War Gaming: Let’s dispel some myths

Hey everyone! Have you ever wanted to start playing a miniatures game, but felt intimidated by your buddy’s collection? Did your wallet cry out in pain browsing the price of some models? Is painting something only reserved for your lounge as it takes too long? Maybe this is a hobby you just never thought you would have time to invest in? You’re not alone in thinking this! Any prospective hobbyist may turn down one of the greatest games on Earth after a single glance at a rules book, or it’s price! However, the truth of it is that nothing has to be that way. By the end of this article I hope to let you in on some truths and hopefully encourage a few wannabe warlords into the hobby. Let’s get going..

Myth 1: You need a large collection of models to play

When I first started to take an interest in miniature war gaming, I was blown away by the substantial collections my friends had accrued. Clearly, I had no context or time from over which they had amassed these great piles. It seemed like an unachievable goal, especially being from a working class family in one of the poorest areas of the country. Despite this, the journey was not as painful as you may think. Over time, little-by-little, piece by piece, I built up my collection which has taken a long time but at every step I was still able to enjoy the hobby just like everyone else. The fun didn’t stop because I had a few less models than my opponent. You see, it’s far more important to have fun than it is to own models. Make use of your full collection no matter the size. (Size doesn’t matter.. ammarite guys?) Most game systems like Warhammer introduce rules and regulations to allow enjoyable gaming with any size of collection. Systems such as Warmachine, Infinity: The Game, Malifaux require a single £30 box purchase and you are good to go for years of gaming pleasure! There’s always an option regardless of collection size!

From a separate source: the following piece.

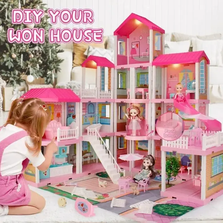 The Dream Villa Play Set is a colorful pretend-play house designed to spark creativity in young children. This set features multiple rooms, furniture pieces, and accessories that allow kids to explore imaginative home-life play.

Myth 2: Miniature wargaming is expensive

Whilst it’s true that some can spend thousands on miniatures, that does not mean that war gaming is expensive. Truth is, if you only have a limited budget per month to spend as life gets in the way, then only spend that! As above, there’s gaming systems that can be played in their entirety for as little as £30. You can always look to bolster your forces from seasonal holidays. Not to mention the absolute bargains to be found on the preloved market. Remember to start small and walk before you can run. I built a huge collection of Tyranids using £30 per week EMA funds (an education well spent) plus birthday money, Christmas gifts and the kindness of friends and strangers.

Myth 3: Painting is difficult and takes too long

*DISCLAIMER* I am one of the worst people to speak to when it comes to finishing a painting project. Like me, a lot of people never finish or even start painting their models. Seas of grey or undercoated models travelling 12 inches across a brightly painted lava landscape, because everyone wants to get playing as soon as possible. It happens, don’t feel bad about getting your minis painted right away, it’s all about fun. When you finally decide you’re ready to get painting that’s the time to do it. Like most things, you won’t be great at it straight away. I would go as far as saying you’ll probably be terrible, just like everyone else when they first started. Some very famous minifig painter’s first models looked like they had dipped entire models into nail varnish and called it a day. Practice makes perfect, alongside tonnes of free tutorial online combined with some simple colour schemes making an easy way to get a tabletop ready army on the board as quickly as possible. There’s even Games Workshop’s new Contrast paint system (which we stock by the way.. Shameless plug here) which makes painting effortless but with amazing results!

Myth 4:  I will not have the time for Wargames in my life

I can testify, most players work full/part time jobs, have families and can normally arrange 2-4 games per month. The hobby will always have something to do in any schedule. You can paint, you can build, you can play or just read! It’s a very versatile hobby overall. When my schedule fills up, I can always have smaller games with friends, throw a handful of models together before bed or on my break in work. I have seen some dedicated chaps gluing scouts together on the bus, rule books and codices read in the Doctor’s reception. Any time you have can be useful and keep you interested in the hobby.

Hopefully this has managed to clear up some of the many myths I have encountered with the hobby. War gaming is inclusive and open to everyone. Not to mention that the community is always willing to help those struggling, which is exactly why I wanted to write this article. Are there any more myths you have heard? Please let us know, we want to hear your experiences. I look forward to playing you soon.